Methadone
Heroin HANDBOOK [K] [i] [n]
Phillip Duke Ph.D. (Kindle Edition) 2011-12-28
Release date: 2011-12-28
Answers
Do you think this is a good thing or just another form of addiction?
Please elaborate!!
Well, it saved my life.
Methadone was, and in fact, continues to be the most successful form of maintenance based treatment for opiate addiction. It has been studied far longer, and deemed far safer than other maintenance therapy drugs, and statistically, methadone-treated addicts have the highest rate of recovery once they have completed treatment, compared to both maintenance & abstinence based treatments.
Methadone does not impair cognitive ability, motor skills, or produce a feeling of euphoria- and once a person starts a methadone program, the methadone binds to the same receptors opiates normally do, making them fairly ineffective when taken in conjunction with, in terms of a “buzz”. It still retains the danger of overdose, b/c the toxicity is present.There will always be folks who say it's just a legal addiction- and, Unfortunately, there are folks who don't make it- and who abuse meds while on it- but they are quickly caught due to frequent drug screening, and if they continue to abuse, they are kicked off the program.
I'm assuming we're all familiar with the science of addiction, but if not: the long and short of it is that our bodies produce endorphins- natural pain killers- in small amounts, as needed. Opiates- drugs derived from the poppy plant- (heroin, vicodin, Darvon, oxycontin, morphine, dilaudid, etc.)- when taken, cause an influx of these endorphins. When a person takes opiates on a regular basis, the human body, which is extremely adept at conserving it’s natural resources- recognizes that the person is providing them with more than enough synthetic endorphins through opiates- and the body stops producing it’s small amounts. So when an opiate addict suddenly stops using opiates, the body goes into an endorphin-deficiency, causing the person to become very ill.
Until the last decade, addiction was not recognized as a disease. Since then, the medical community has found evidence of “addictive” genes, in the form of THIQ- a chemical produced from opiates & alcohol by certain people thought to contain the addictive gene. Those without the Addictive gene don’t process the opiates or alcohol the same way, and therefore, do not turn any portion of them into THIQ, the way a person with the addictive gene does. THIQ is believed to be part of the reason that an addictive-prone person develops such strong cravings & is unable to stop using, compared to the non-addictive prone. There has also been some suggestion that the genetically addictive prone were born with an endorphin deficieny, and have likely never had the proper amount, which is what drives them to seek that elsewhere.

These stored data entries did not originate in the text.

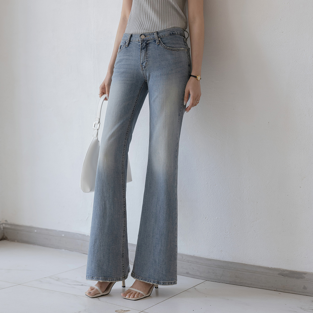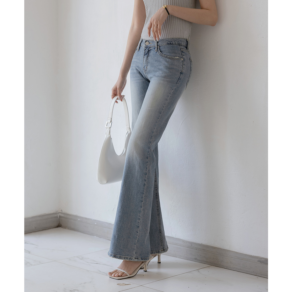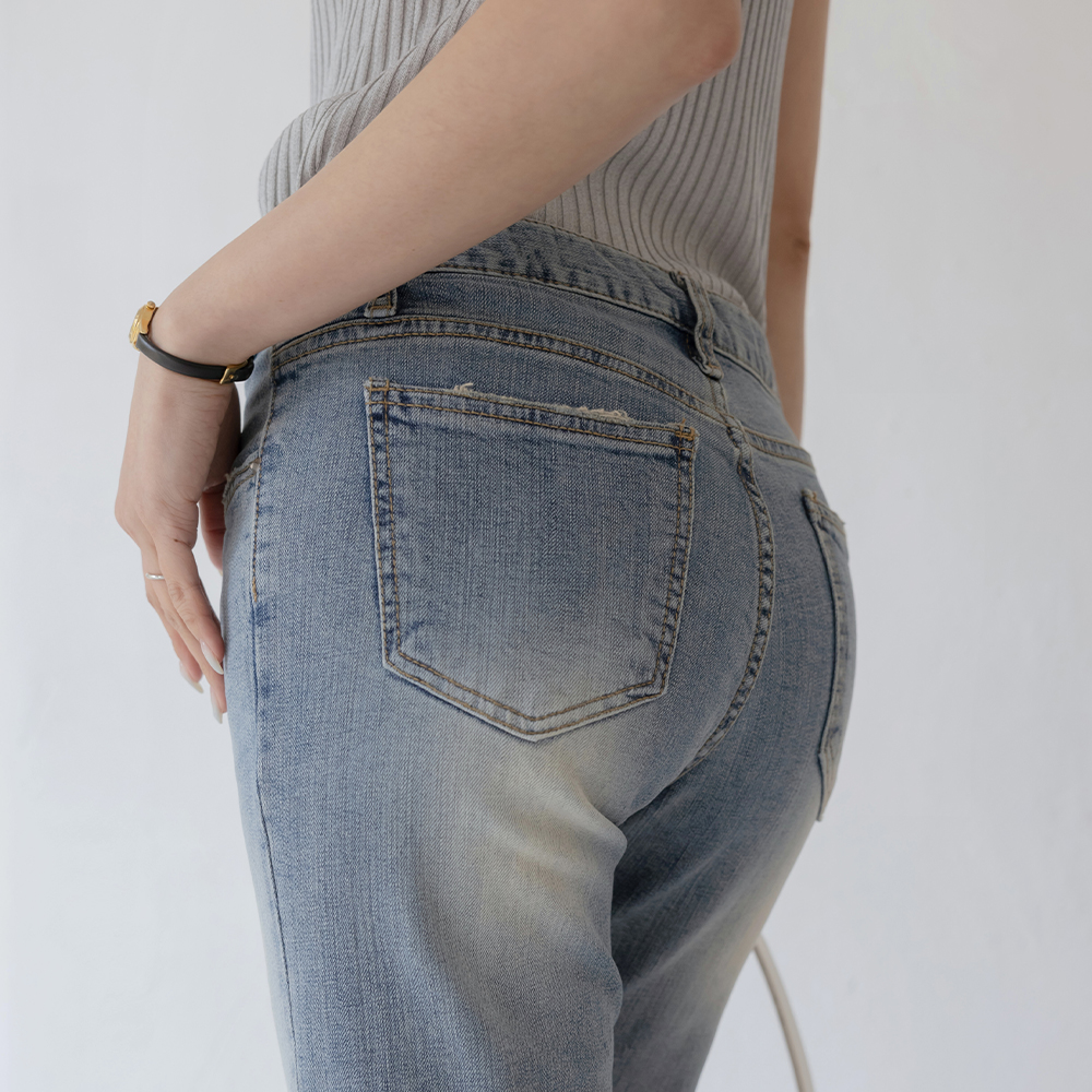 裾上 カッティング ウォッシング ブーツカット 弾力 デニム パンツ
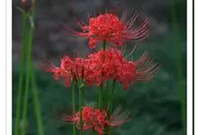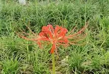 石蒜[学名:Lycoris radiata Herb.],是石蒜科石蒜属的多年生草本植物,别名彼岸花、红花石蒜、死人花、蟑螂花、龙爪花等。石蒜的叶狭带状,中间有粉绿色带,秋季出叶。伞形花序,花鲜红色。…全部>>
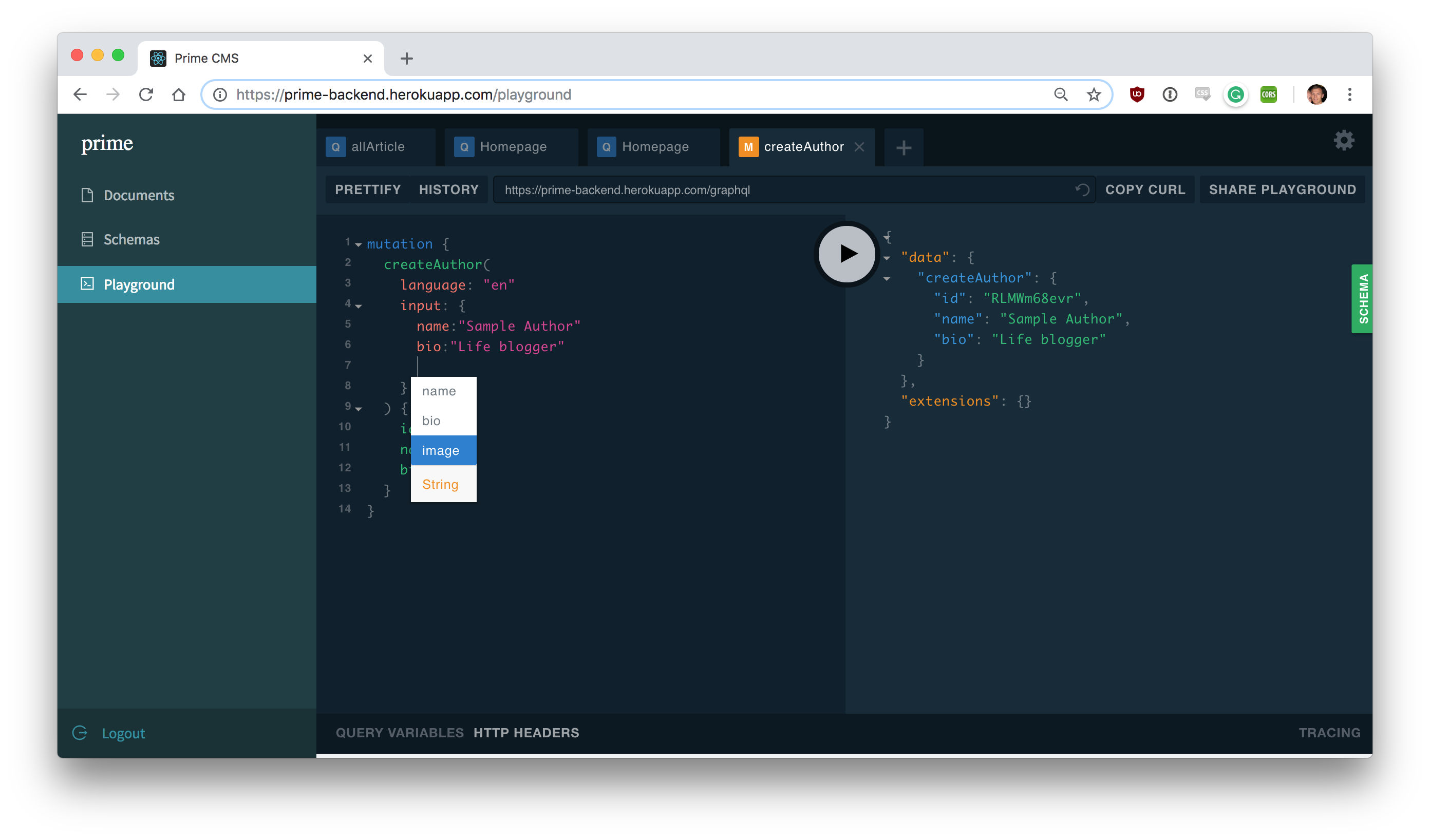 Prime is a standalone, self-hosted, headless CMS with a GraphQL interface powered by TypeScript.
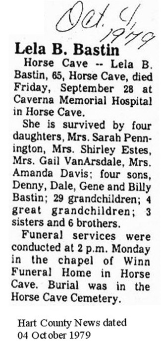 | Bastin, Lela B. Wilson | - | - | 09/28/1979 |
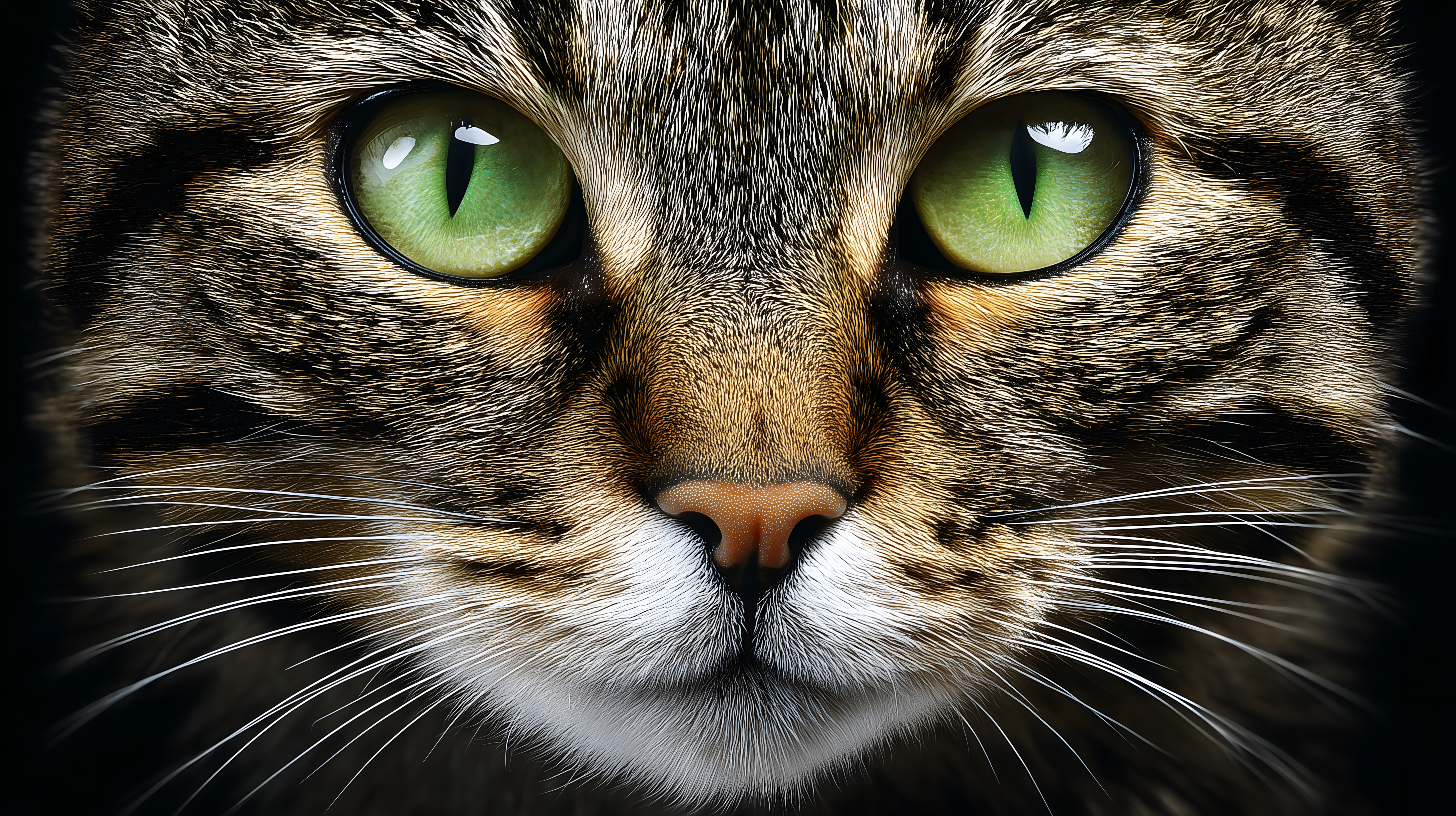Dieses Foto zeigt eine detaillierte Nahaufnahme eines Katzenkopfes mit intensiv grünen, ausdrucksstarken Augen und der charakteristischen Fellstruktur. Die zentrale Perspektive rückt die Augen und die Nase des Tieres in den Fokus, was eine faszinierende Detailansicht bietet. Das Bild eignet sich hervorragend als kostenloses Stockfoto für den Einsatz in Blogs, Newslettern, Social-Media-Beiträgen oder Werbematerial, wo es eine natürliche, hochauflösende Optik und Stimmung vermittelt. Es steht unter einer Creative-Commons-Lizenz zur freien Nutzung zur Verfügung.

The first thing you have to understand is that MMT- Methadone Maintenance Therapy- when used for opiate addiction is not a “quick fix”, or a short term solution. There are other routes~ cold turkey, or detox- detoxes are usually in hospital like settings and last 4-5 days; during which they wean you down with mild narcotics in decreasing doses, like Ultram and Bupranex. The actual meds vary by institution, but bear in mind detox is not considered recovered. After detox, the best chance at recovery requires residential rehab- upwards of 6 months’ worth- followed by a halfway house, then IOP (Intensive Outpatient Therapy) and Aftercare~ and this may all take more than 1 year. A year in which you can’t work, live with your family, or do anything else but focus on recovery.

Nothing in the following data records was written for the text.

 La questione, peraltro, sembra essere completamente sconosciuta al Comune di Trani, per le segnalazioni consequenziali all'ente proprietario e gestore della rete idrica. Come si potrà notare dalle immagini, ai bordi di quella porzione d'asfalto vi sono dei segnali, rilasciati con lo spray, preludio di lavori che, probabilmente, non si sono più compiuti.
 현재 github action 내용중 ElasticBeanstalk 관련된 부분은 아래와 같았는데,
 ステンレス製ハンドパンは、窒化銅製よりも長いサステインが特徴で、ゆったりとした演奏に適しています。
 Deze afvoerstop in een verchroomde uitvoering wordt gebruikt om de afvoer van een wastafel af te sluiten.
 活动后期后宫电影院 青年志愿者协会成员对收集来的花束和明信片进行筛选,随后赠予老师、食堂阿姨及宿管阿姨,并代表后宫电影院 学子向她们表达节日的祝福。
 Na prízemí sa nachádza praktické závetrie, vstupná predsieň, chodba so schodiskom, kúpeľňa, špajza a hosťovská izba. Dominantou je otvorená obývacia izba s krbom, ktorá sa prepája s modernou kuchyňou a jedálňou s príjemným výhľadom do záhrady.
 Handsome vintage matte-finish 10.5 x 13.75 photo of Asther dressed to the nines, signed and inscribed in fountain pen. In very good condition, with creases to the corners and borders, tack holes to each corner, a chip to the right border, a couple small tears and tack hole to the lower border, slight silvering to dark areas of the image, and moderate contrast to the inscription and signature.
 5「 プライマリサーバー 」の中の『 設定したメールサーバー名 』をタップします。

I would never reccomend MMT to an addict newly seeking recovery- total abstinence should be the goal, but if someone has tried all the avenues, more than a few times, and been unable to get clean, then MMT can be a life saver.
MMT has the highest success rate among opiate treatments- but the best chance of sobriety comes to those who spend a MINIMUM of 2 years on the program. The program involves taking your daily dose, and doing some counseling, but otherwise, you are able to immediately start over-
As opposed to using heroin, you have a safe, clean, reliable dose. You have eliminated the need for IV use, and the need to hustle. Does that sound better?

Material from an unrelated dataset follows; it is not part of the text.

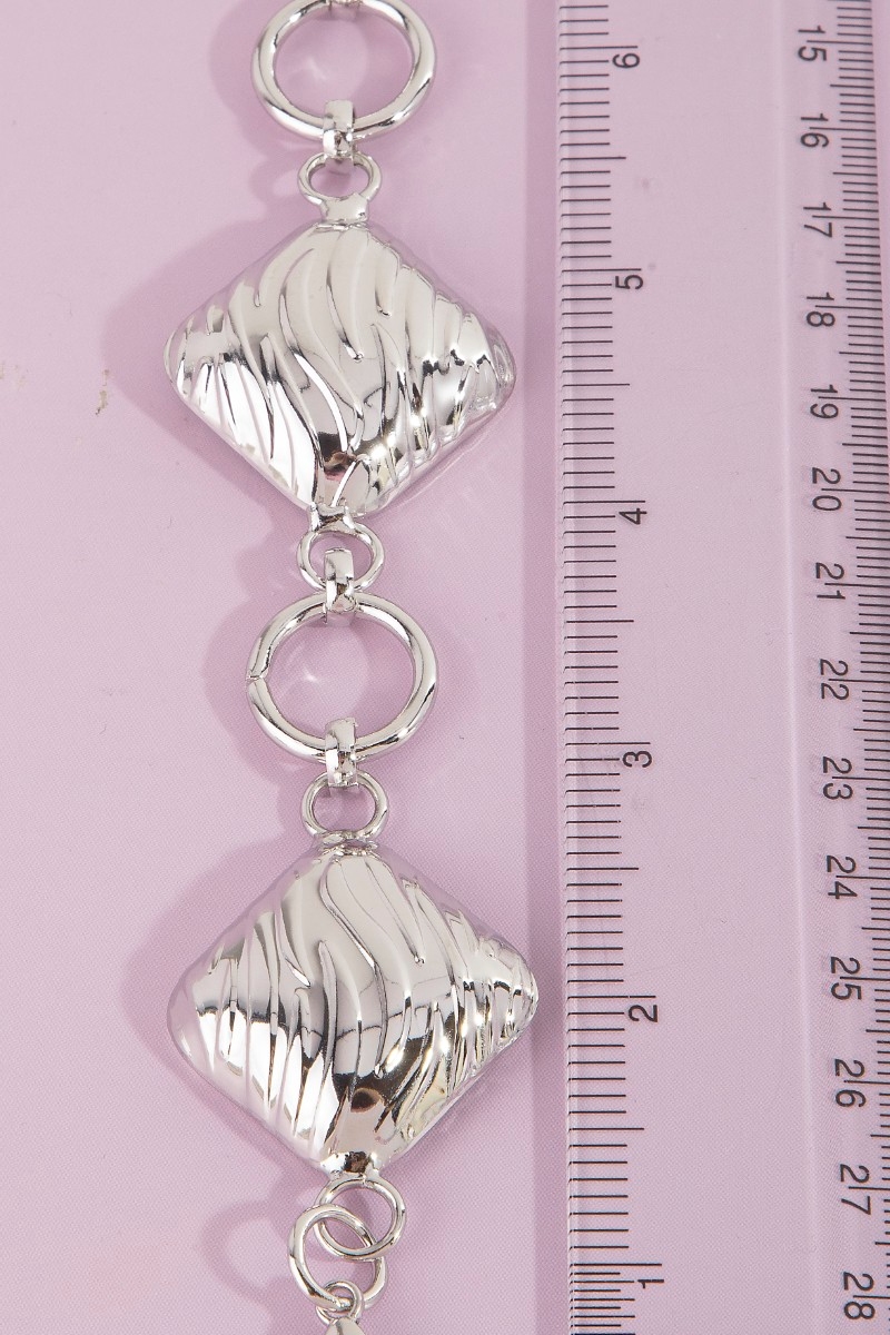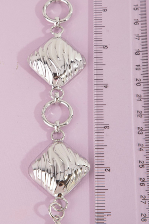 - This chain belt brings a stunning metallic textured square style. Revel in the intricate design that effortlessly distinguishes this chain belt, making it a statement piece.
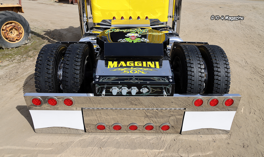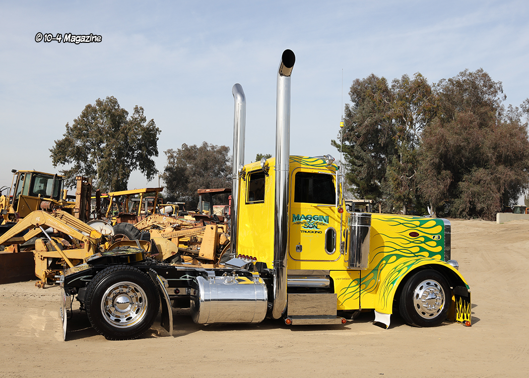 It seems like just yesterday that me and my business partner Erik “Big E” Sieben shot this truck for its first 10-4 Magazine cover. Heading north from SoCal in the early morning, I was driving our V10-powered Ford company van and we were running late, so I put the pedal to the metal. Not surprising, I got pulled over not far from Riverdale and further delayed our arrival as we waited for the nice officer to write my ticket. Not a good start to the day. But it got better from there. From that day on, we have had a great relationship with the Maggini family, and always look forward to spending time with this fun group of people who, as the title of their 2003 story stated, “Work Hard – Play Harder!”

The very basis of why methadone has been successful in treating opiate addicts is because it works in a time released capacity- rendering it incapable of producing feelings of euphoria or, in laymen’s terms, unable to get you high.
Now- someone who has never taken methadone before, who takes a large enough dose, may experience marked drowsiness- but that’s why Methadone Maintenance Clinics (MMT) follow strict regulations that entail starting every new patient/opiate addict off at the very low dose of 20-30mg, regardless of their height, weight, or tolerance level to opiates. From there, each patient is seen by the clinic physician on a weekly basis, and given the small increase of 2 -5 mg once a week, until they are “stabilized”- meaning they’re feeling normal- not in acute physical withdrawal from the sudden lack of opiates in their system. From that point on, there is a blood test called a peak and trough, that measures the serum levels of the methadone in the patient, to ensure their dose is of a therapeutic level, and not so high as to cause drowsiness.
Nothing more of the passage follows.